Art and subjectivity
January 26, 2012 8:52 am Culture, MoviesSomething that’s always aggravated me to no end is when people claim that a book, film, painting, album, or other creative endeavor is free from criticism because it’s “art.” Critical immunity is something I’ve spoken about in the past, but I want to focus on the art world today.
I need to make something incredibly clear: art appreciation is subjective, but art itself is not. What most people fail to realize is that any piece of art, no matter the medium, still requires certain techniques in order to produce it. Those techniques are not opinions; they are merely processes subject to criticism just like anything else.

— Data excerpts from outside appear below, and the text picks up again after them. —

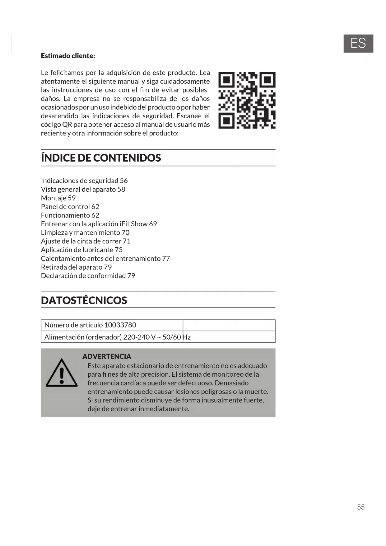 Indicaciones de seguridad 56 Vista general del aparato 58 Montaje 59 Panel de control 62 Funcionamiento 62 Entrenar con la aplicación iFit Show 69 Limpieza y mantenimiento 70 Ajuste de la cinta de correr 71 Aplicación de lubricante 73 Calentamiento antes del entrenamiento 77 Retirada del aparato 79 Declaración de conformidad 79
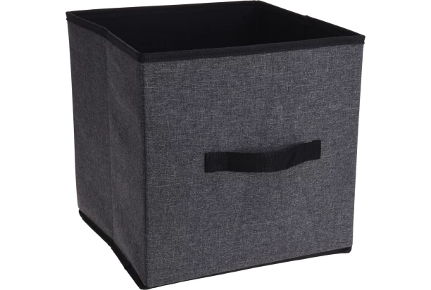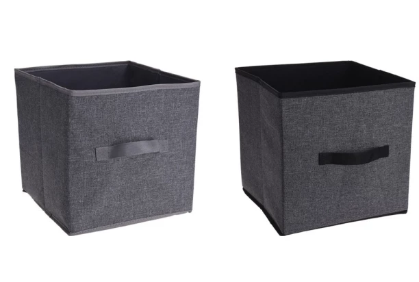 Úložný box na udržanie poriadku v domácnosti je vyrobený zo silného plátna v tmavo šedej alebo svetlo šedej farbe (dodávané podľa aktuálnej skladovej zásoby). Box má na prednej strane praktické ucho pre ľahšiu manipuláciu. Rozmer 30×30 cm.
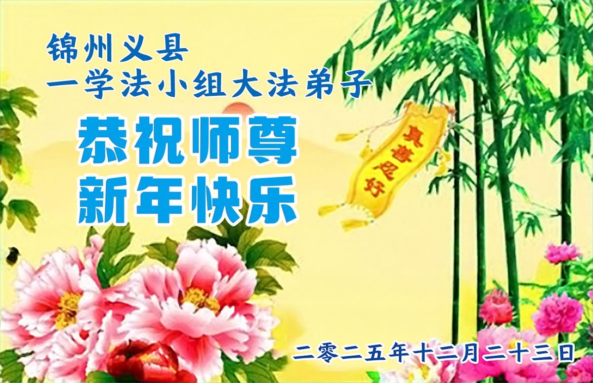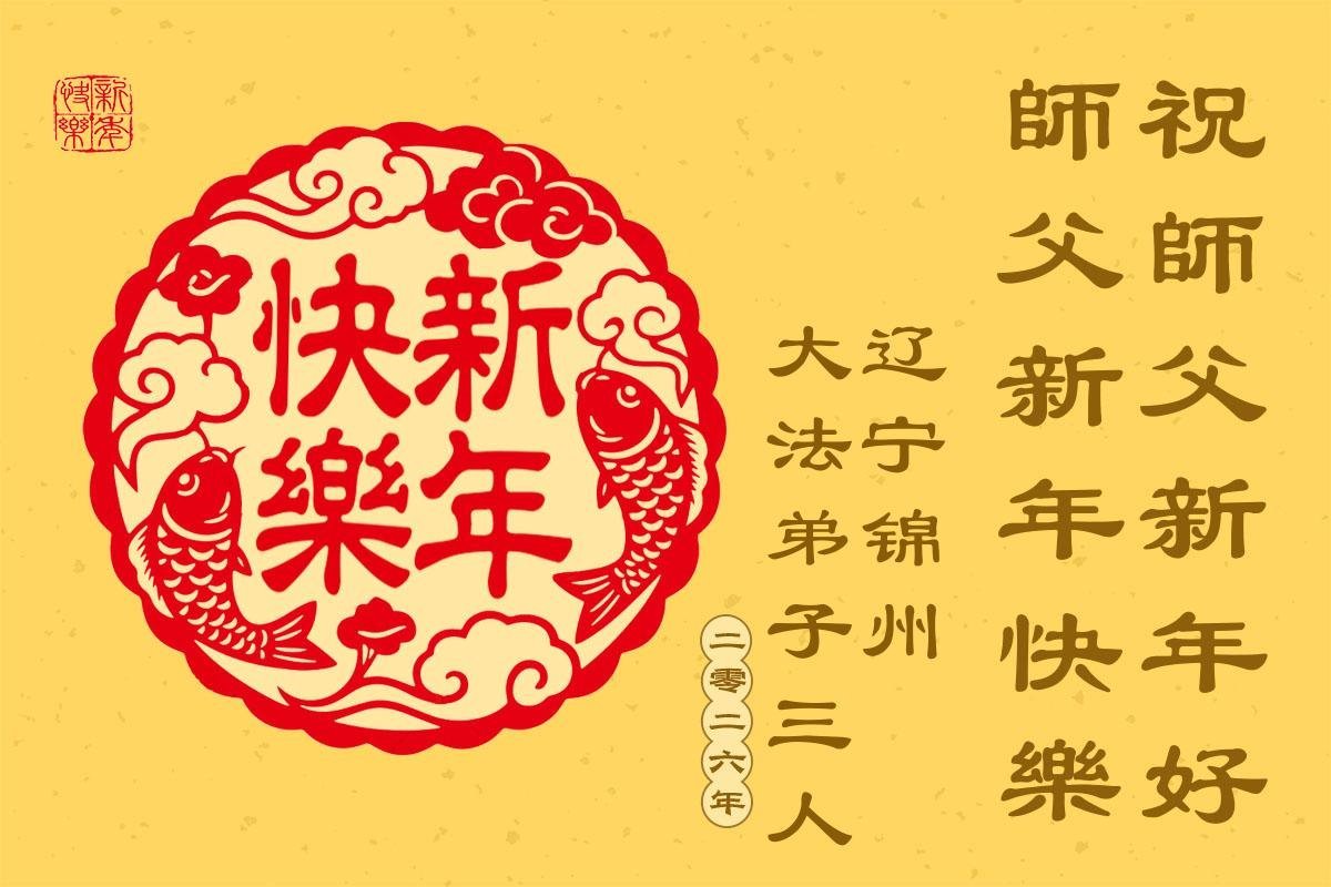 Falun Dafa praktikanti iz provincije Liaoning s poštovanjem žele Učitelju Li Hongdžiju srećnu Novu godinu (108 čestitki)
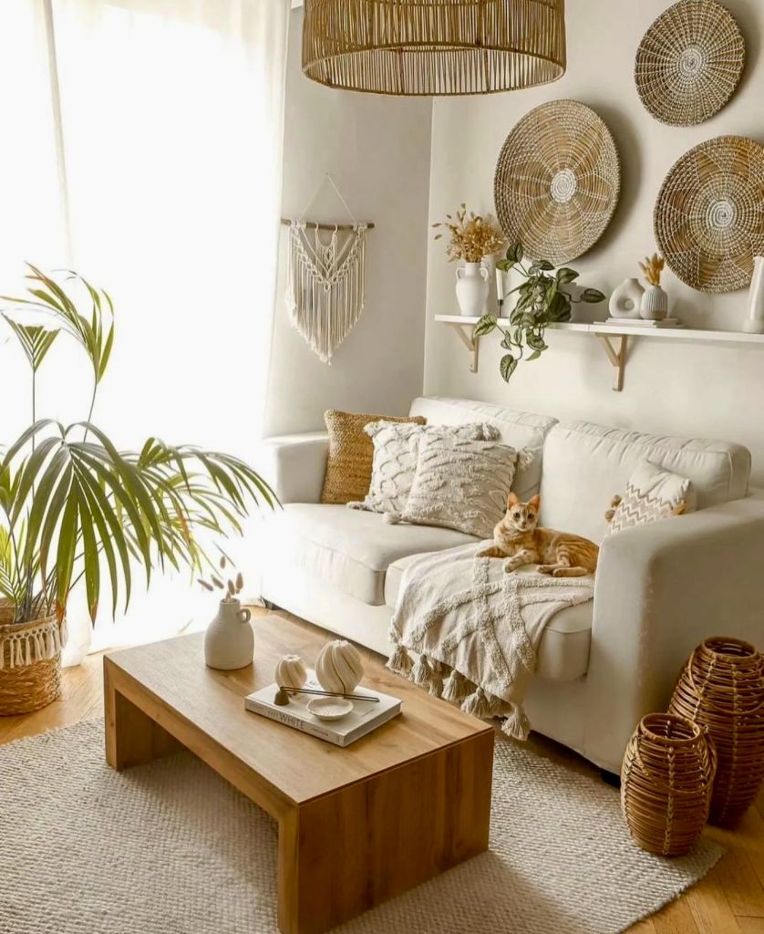 Basket walls are a signature element of bohemian interiors, showcased here as a stunning textural feature. The beige and cream color scheme evokes soft sunlight, while earthy tones create an open, airy feel. Woven poufs, jute rugs, and wooden furniture harmonize beautifully, with houseplants adding a natural touch. This is layered minimalism at its best—modern, cozy, and soothing, perfect for minimalists who value substance and style.
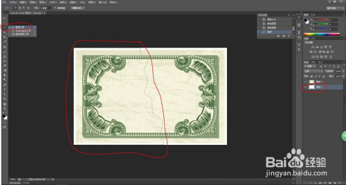 单击【图层1】选中,用白色布景色填充,选中【图层0】;然后选择【套索东西】,在图片上选中一个区域。
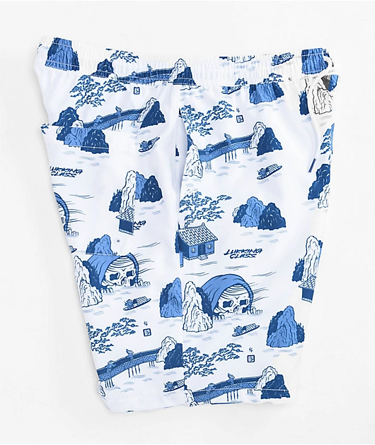 The Tucks board shorts from Lurking Class by Sketchy Tank come in a white colorway with sublimated graphics throughout of a reaper figure looking over a waterfront Japanese community. Adorning the bottom left leg, right above the hem, is an embroidered Lu
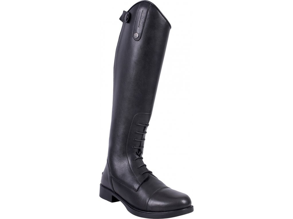 Kvalitní jezdecké boty vyrobené z hovězí kůže. Vybavené předním elegantním šňěrováním a pružným elastickým páskem u zipu na zadní straně. Vhodné pro standardní velikost lýtka. V horné části boty zdobené popruhem a knoflíkem QHP. Podšívka je opatřena prodyšnou látkou. Vnitřní podešev je z umělé kůže. Boty se prodávají také ve variantě pro běžné velikosti lýtka.
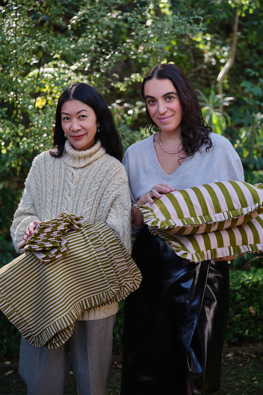 If you like to play at the table (and we don’t mean with your food), then this exclusive drop is for you. The products come in three varying colorways (oat and moss, lilac and pomegranate, and lilac and moss), three varying stripe widths (mini, medium, and wide), and, in the case of the placemats, with a pleated or scalloped trim. “Putting our editor hat on, we wanted to see: How many stories can we tell within different styles of homes?” says Berry. The combinations are practically endless.
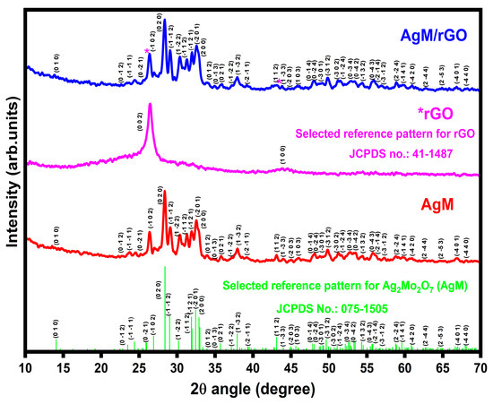 The crystal structure and phase purity of the as-prepared AgM, rGO, and AgM/rGO material were examined using XRD analysis, as shown in Figure 4. The AgM displayed diffraction peaks at 2θ angle of 14.1°, 23.5°, 24.4°, 25.9°, 26.9°, 28.4°, 29.1°, 30.2°, 31.8°, 31.9°, 32.4°, 32.9°, 33.9°, 35.1°, 35.8°, 37.1°, 37.9°, 39.3°, 43.1°, 43.9°, 44.9°, 45.6°, 48.1°, 48.8°, 49.6°, 51.0°, 51.4°, 52.7°, 53.2°, 54.3°, 55.6°, 55.7°, 56.7°, 58.7°, 59.5°, 60.8°, 62.8°, 64.9°, 66.7°, and 67.9° corresponding to the (0 1 0), (0 −1 2), (−1 −1 1), (0 −2 1), (−1 0 2), (0 2 0), (−1 −1 2), (1 −2 2), (−1 1 2), (−1 2 1), (−2 0 1), (2 0 0), (0 1 2), (0 −1 3), (0 2 1), (−1 −2 2), (1 −3 2), (−2 −1 1), (1 1 2), (1 −3 3), (−2 0 3), (1 0 3), (0 −2 4) (−3 0 1), (−3 1 2), (−3 0 2), (−1 −2 4), (0 −3 4), (0 −4 2), (−1 3 2), (0 −4 3), (−2 −1 4), (−3 −1 2), (2 −2 4), (−1 4 1), (−4 2 0), (2 −4 4), (2 −5 3), (−4 0 1) and (−4 4 0) planes, respectively. These peaks indicate an anorthic crystal system with a P-1 space group, confirmed by JCPDS no. 75-1505, validating an Ag2Mo2O7. Furthermore, no peaks corresponding to metallic Ag, AgO, Ag2O, Ag3O4, or MoO3 were observed, confirming the formation of coherent Ag₂Mo₂O7 material [11,12,21].
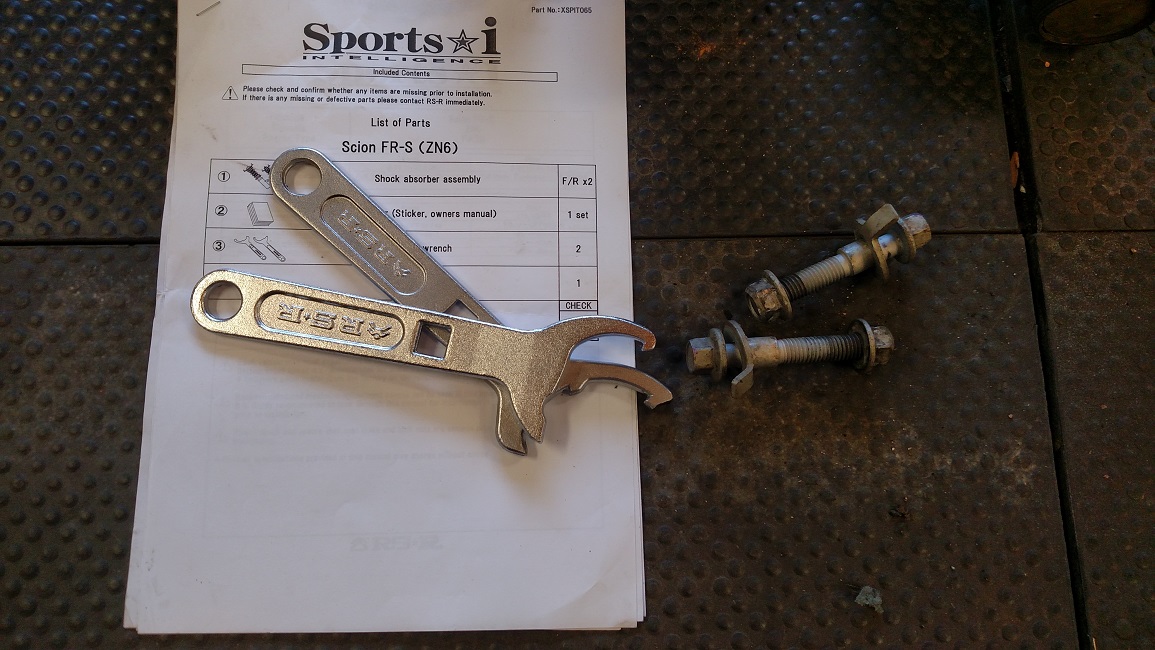 Here are my coilovers off my FR-S. Used for about 10k and a great dualpurpose coilover. The top bearings are still free with no binding for the front coilovers. Owners manual and adjustment wrenches included. I can also include 2 camber bolts for front alignment
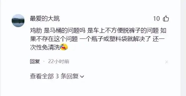 正如有网友说,其实关键的问题不是马桶的问题,而是车上不方便脱裤子的问题。“就算不是当着朋友,当着家人脱裤子拉,也是挺尴尬的。”
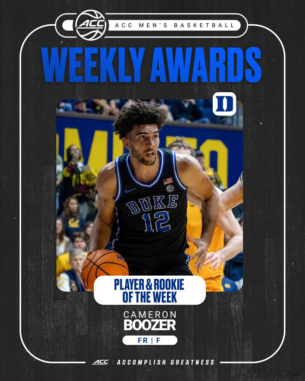 ACC联盟第11周表现奖(2025-2026赛季)。NCAA男篮 最佳球员+最佳新生:Cameron Boozer。NCAA女篮 最佳球员:Imari Berry,最佳新生: Uche Izoje。
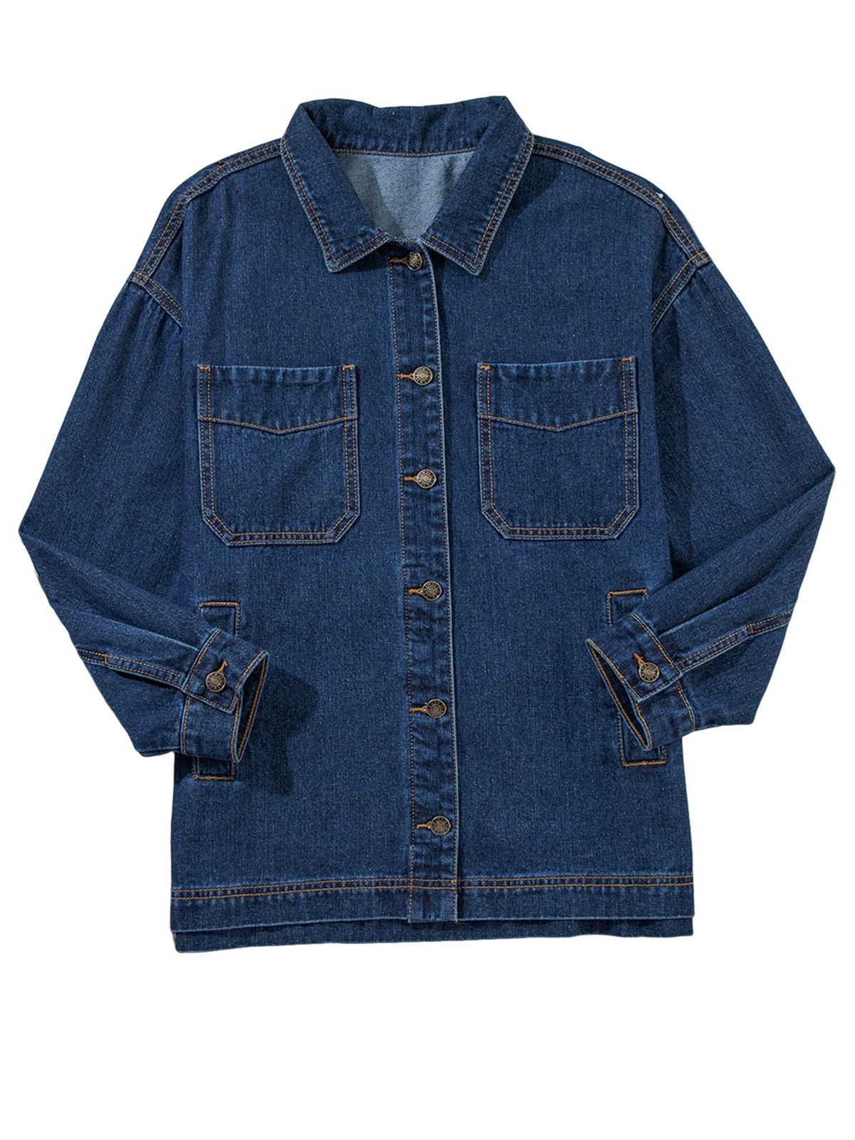 Jean for Women Distressed Long Sleeve Oversized Denim Trucker Jackets Coat4335
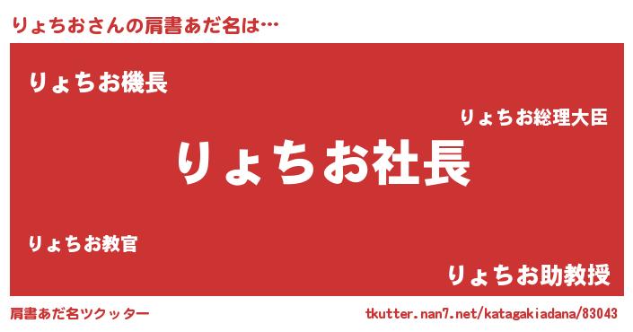 | ヒーロー風カッコイイあだ名 | 『スーパーリョチオ』『仮面リョダー』 |
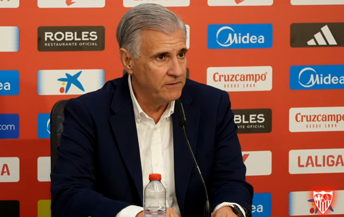 "Bueno, primero agradecer. Nos ha faltado un poco agradecer tanto a sus agentes, a Seba como a Fernando, por haber apostado por el Sevilla y también a su familia. Y bueno, agradecer también a todos los compañeros del club por este fichaje porque creo que han estado todos muy atentos y se ha hecho un trabajo muy importante dentro del club, de todos los estamentos del club, muy rápido y muy veloz y creo que ese es el camino que vamos a llevar o vamos a tratar de llevar en los próximos años. Y bueno, agradecer a todas las personas que han estado involucradas por su efectividad. Y bueno, es el perfil que Sevilla busca de los jugadores: un perfil de un jugador comprometido, un jugador valiente, un jugador competitivo, un jugador humilde, un jugador honesto, un jugador con hambre, un jugador feliz y un jugador que viene a aportar liderazgo y competitividad y es sumar al grupo y esas son las características principales. Luego podemos hablar de sus diferentes posiciones, que él las ha explicado muy bien. Puede jugar, indudablemente nosotros nos fijamos en él, sobre todo para la posición de lateral izquierdo, aunque él ha desarrollado mucha parte de su carrera de centrocampista y bueno, es un jugador que creo que nos va a aportar mucho al grupo en todas las facetas, tanto dentro como fuera del campo."
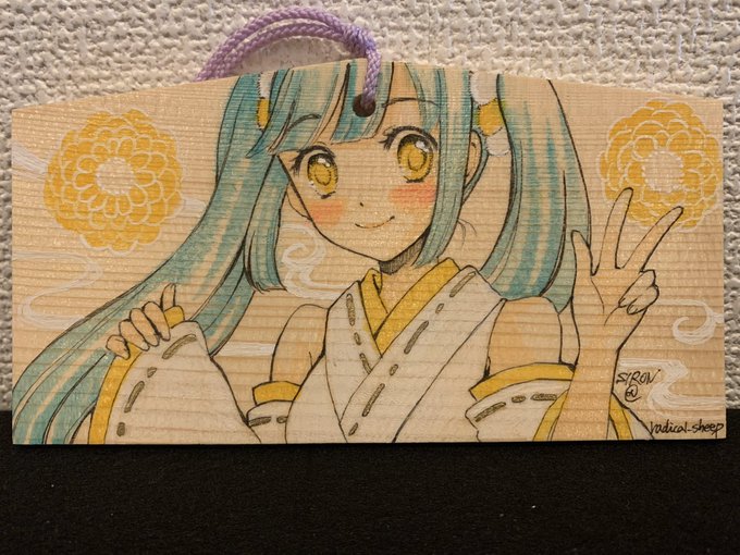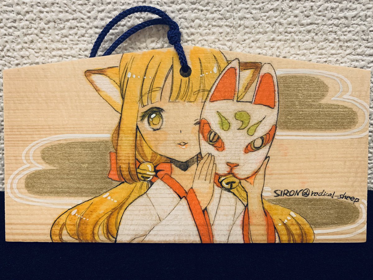 3 5 絵馬にイラストを描いたよ🌤 巫女シリーズです✨ #絵馬アート #水彩 #SIRON 20/04/05 09:30

Take a film, for example. Your personal opinions on the overall product nonwithstanding…how was the acting? The editing? Sound design? Special effects? All of those are tried-and-true techniques that are taught, learned, and mastered. If a film is poorly edited, your comments on it must take that into account, otherwise you’re simply wrong. The same applies if a film has fantastic special effects, but you pan them because you didn’t like how they were used to advance the story. You’re incorrectly dumping your opinion on quantifiable techniques, rather than feelings toward the final product.
Criticism should be specific rather than generic. When it’s the latter, you’re often criticizing someone’s appreciation of the medium rather than actual details of a certain work within that medium. That has nothing to do with the work itself, and thus has no place in proper criticism of art.